Few are privileged to witness the creation of history. In the 1940s, many emerged who could lay claim as its makers – Edward Mountbatten, Mohandas Karamchand Gandhi, Jawaharlal Nehru, to name a few. But it took one person to immortalize them all – Homai Vyarawalla, India’s first female photojournalist.
You couldn’t miss the sight of her at history’s many trysts with destiny. A petite Parsi lady in a Sari wielding a nine kg Rolleiflex camera, trying to be unobtrusive – often succeeding – and capturing the intimate, real moments of the biggest names of the time.
After her boyfriend, Manekshaw Vyarawalla (later husband), introduced her to photography, she took up a course at the J.J. School of Arts in Bombay. Her break came in 1942 when the British Information Service shifted office to Delhi during the war – and needed a photographer. Homai cycled the streets of Delhi carrying her bulky equipment. She soon became a familiar sight in influential circles.

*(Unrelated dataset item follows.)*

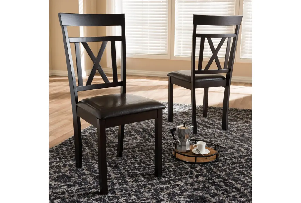 Enhance your dining experience with the Roseanne Dark Brown Faux Leather Upholstered Dining Chair Set of 2. The modern design and dark brown hue create a sophisticated look for any dining room or kitchen. These armless chairs provide both comfort and style, making them a perfect addition to your home.

As she wrote in an article for The Hindu:
Though I was on the payroll of the British Information Service, they allowed me to do private work outside office hours, taking pictures of prominent personalities for some magazines in Mumbai as well as for foreign agencies. From the initial ‘Who is she? What is she doing here?’ kind of reaction, the response changed to ‘Where is she? Why hasn’t she come?’.